In late 1995 and early 1996, Griffin performed work for South Coast Water District (the “District”). That work allegedly resulted in a backup of sewage into a private residence. The residents notified the District of the backup of sewage, asserting that the work being done on the sewer line (namely, the work being done by Griffin) resulted in the backup. Northern was notified of the claim. In April 1996, Northern denied coverage, taking the position that claims arising from the release of sewage were excluded from coverage based on the policy’s total pollution exclusion. The following year, 1997, Griffin’s policy was up for renewal. In an effort presumably to retain Griffin’s business, Northern allegedly promised at a meeting with Griffin that it would honor all future claims for release of sewage, despite the policy’s exclusion. The purported promise was never reduced to writing. Griffin renewed coverage; however, the total pollution exclusion remained in the renewal policy in essentially the same form.

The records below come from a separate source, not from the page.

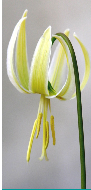
Fawn Lily (Erythronium Oregonum) Flower season March to August A great plant for pollinators!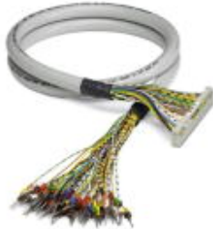
Round cable assembled with a 14-pos. socket strip and an open end. On the open end, the wires are labeled with 1 to 14 and have ferrules, cable length: 2 m

Please be informed that the data shown in this PDF Document is generated from our Online Catalog. Please find the complete data in the user's documentation. Our General Terms of Use for Downloads are valid ( http://download.phoenixcontact.com )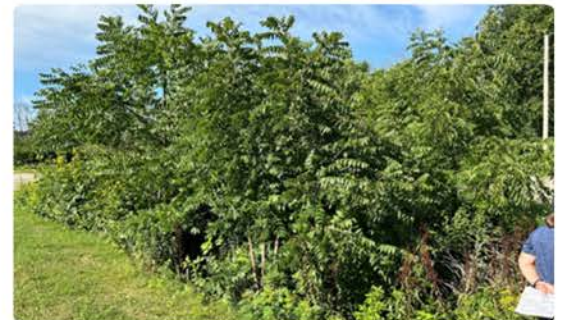
Before photo: vegetation management at a poorly maintained bioretention basin.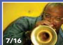
7/16 Terence Blanchard & the E-Collective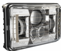
Part Number 0551771 12-24V DOT/ECE LED RHT Low Beam Heated Headlight with Chrome Bezel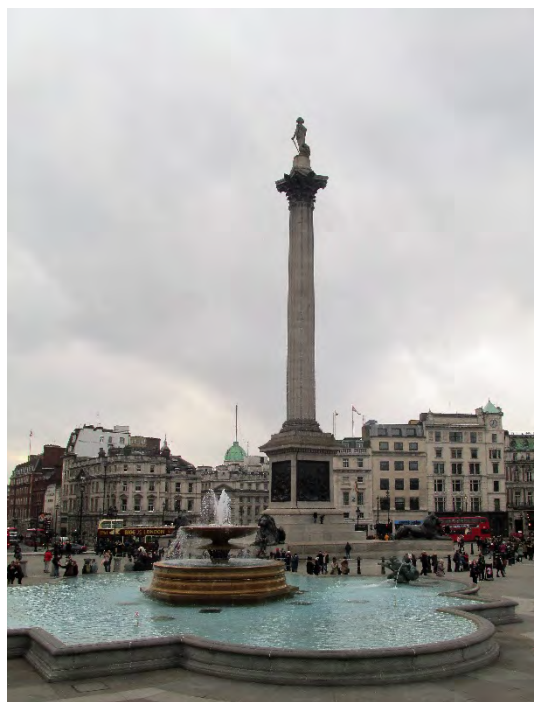
Nelson's Column, Trafalgar Square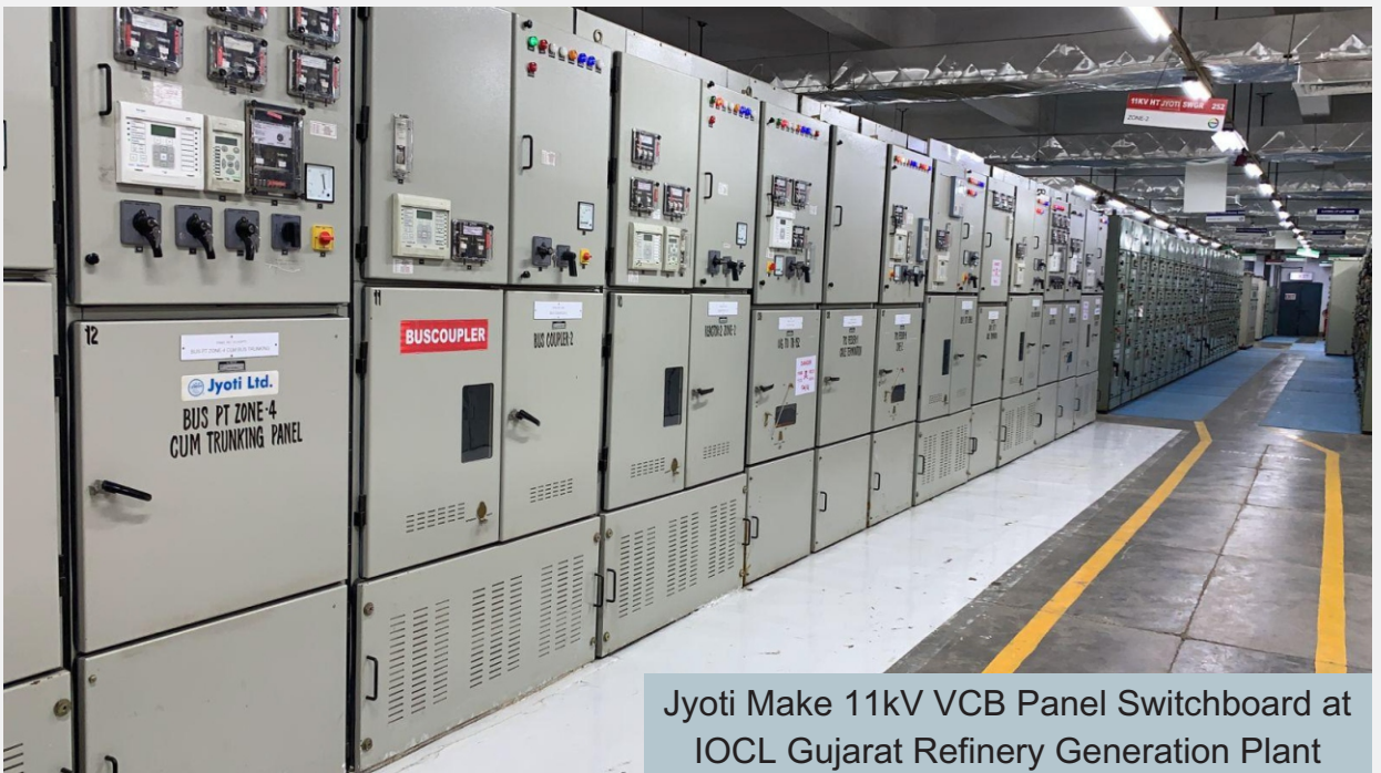
Jyoti Make 11kV VCB Panel Switchboard at IOCL Gujarat Refinery Generation Plant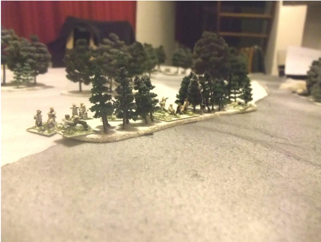
The Finns await the advance.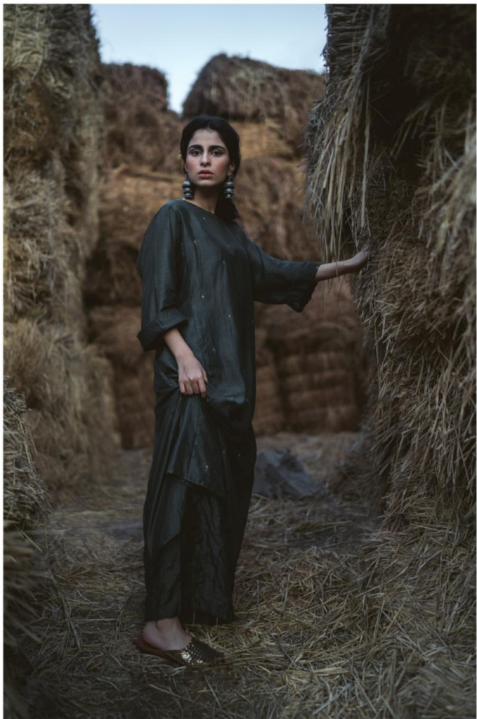
Hadeeqah Chaakbagla Kurta Set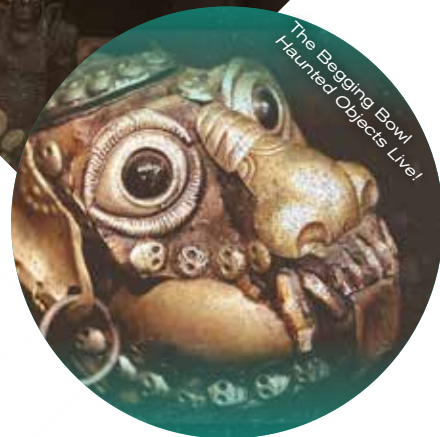
The Begging Bowl Haunted Objects Live!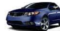
Electric Blue (M) BC/BL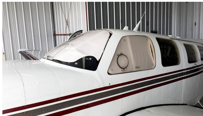
Beech Baron 58P Cockpit Heatshield Set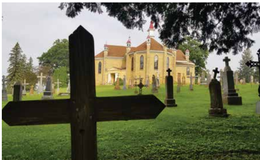
Saint Wenceslaus Catholic Church in Spillville, Iowa, which dates to 1860, is the oldest Czech Catholic church in the United States.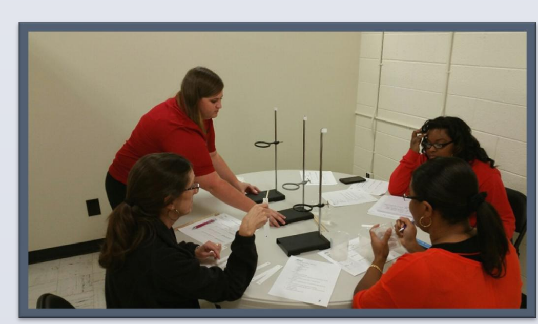
Teachers learn in a laboratory environment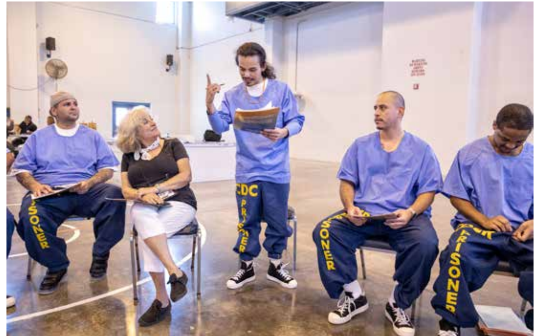
A creative writing student reads his work to the class at Kern Valley State Prison.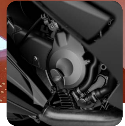
400 CC EURO 5 ENGINE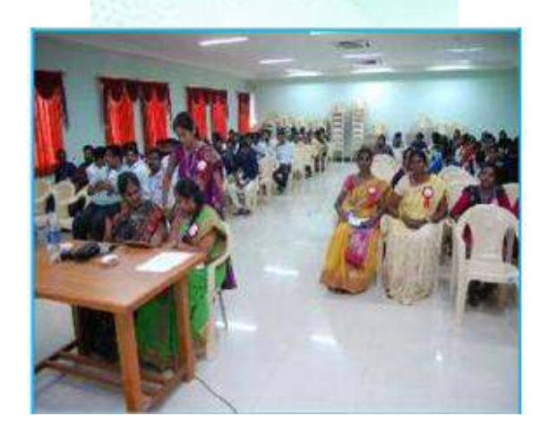
Paper presentation in TISCA-18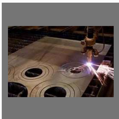
Laser Cutting Job Work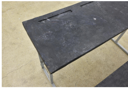
Jean-Marie Perdrix, Sans titre (détail) , 2016.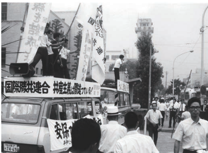
Victory Over Communism activities in Shizuoka, Japan in August 1969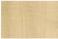
R 5184 Royal Maple

The colour scheme of the bed is highly variable and fully conforms to the environment of the specific facility. By choosing his own design and version the customer will acquire a functional and totally individual model.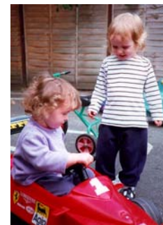
let's get to the bottom of this!

Everything we do in the nursery is a learning opportunity for our children and we continue to monitor their development. It is important for the young child to maintain a reasonably structured day, but with the better weather, even more time will be spent outside in our garden, picnics or outings such as to the park, the farm, art gallery or museums. There is such a lot to do.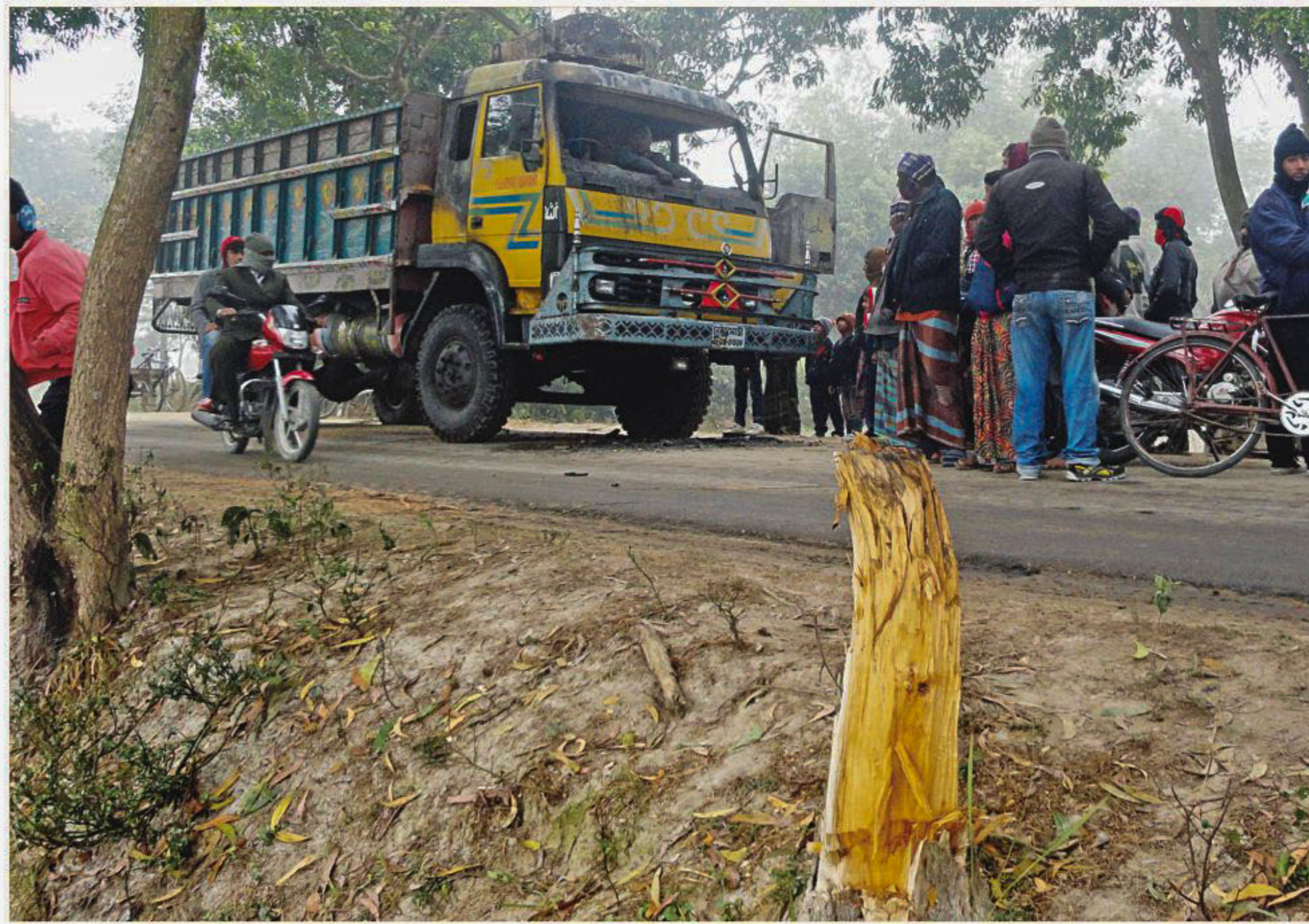
The ongoing blockade means not only loss of people's lives and destruction of their properties but also decimation of roadside trees, which are chopped down at random to block vehicles like this truck on Dinajpur-Parbatipur road. It was stopped, by felling four trees, and then torched in Hajimor area of Chirirbandar upazila around 3:00am on Tuesday.

A team of Jahurul Islam Medical College and Hospital, Bhagalpur provided free medical services and medicines to 6,000 pilgrims who attended the Ijtima held in two phases from January 9 to 18 in Tongi. Each team consisted of five doctors, five nurses, three ward-boys and management staff ensured services from 8:00am to 11:00pm everyday. Navana Pharmaceuticals Ltd, a sister concern of Islam Group, assisted the team.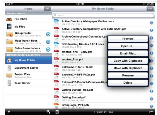
mobilEcho client app is simple for the end user.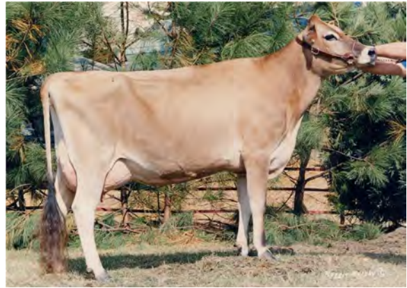
DEERVIEW BABES SOUND, E-93% SIXTH DAM OF LOT 179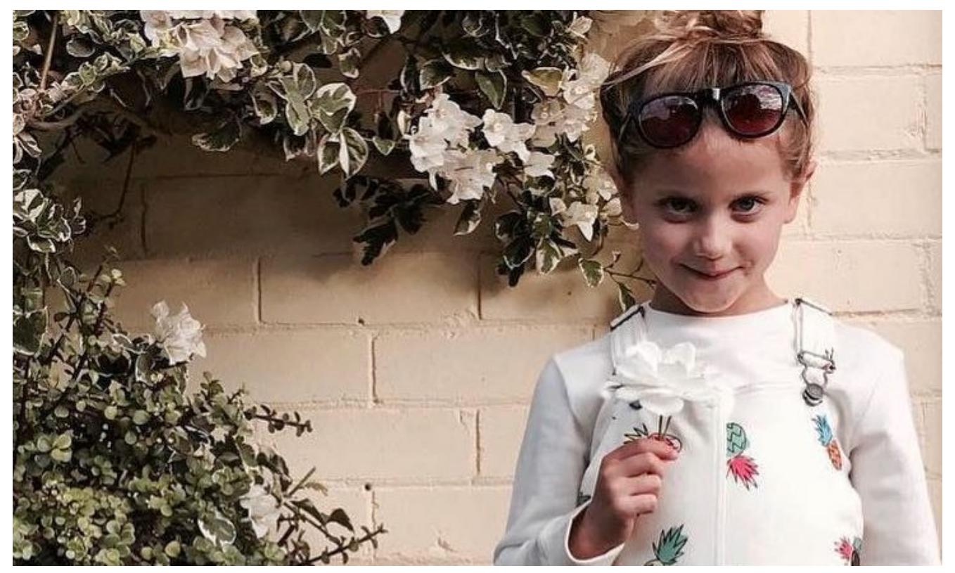
By Noelle Downey

There's no doubt about it, we all love to keep up with what the stars are wearing, whether on the red carpet or while stepping out of the gym, so we know what fashion standards to strive for with our own wardrobes. But what about when it comes to dressing our kids? While celebrity fashion trends for children featured in magazines can look adorable, are they actually kid-friendly? And do celebrity kids actually wear them? Well, now your fashion fears are over! We here at Cupid's Pulse have compiled a list of the top five most fashionable brands that celebrity kids wear and celebrity

In 1999, after the District settled the residents’ claims, it sued Griffin (and Northern) for indemnity. At that point, Griffin sought coverage from Northern, which again denied coverage based on the policy’s total pollution exclusion. In April 2000, Griffin sued Northern for, among other things, breach of contract and bad faith. Griffin’s complaint failed to mention the alleged oral promise by Northern to cover claims for release of sewage if the policy was renewed or the meeting in which that allege promise was made. In September 2000, Northern decided to defend the District’s lawsuit against Griffin, which Northern settled shortly thereafter. Northern also agreed to pay Griffin’s fees and costs to date incurred in the bad faith action as part of a resolution of that action, which Griffin rejected. Subsequently, while Griffin’s bad faith action against Northern was pending, the California Supreme Court issued its decision in MacKinnon v. Truck Insurance Exchange, 31 Cal. 4th 635 (2003), which held that a narrow construction of the total pollution exclusion is required. In October 2005, discussing the MacKinnon decision and misapplying another case, CalFarm Insurance Co. v. Krusiewicz, 131 Cal. App. 4th 273 (2005) (in which the court found the insurer was objectively reasonable in its denial), the trial court ruled in limine that Northern’s denials under the policy were unreasonable (i.e., in bad faith) as a matter of law because the case law was unsettled at the time the insurer made its decision. The case was tried to verdict and Northern lost, the jury awarding Griffin $1 million in compensatory damages (entirely consisting of attorneys’ fees and costs) and an additional $10 million in punitive damages.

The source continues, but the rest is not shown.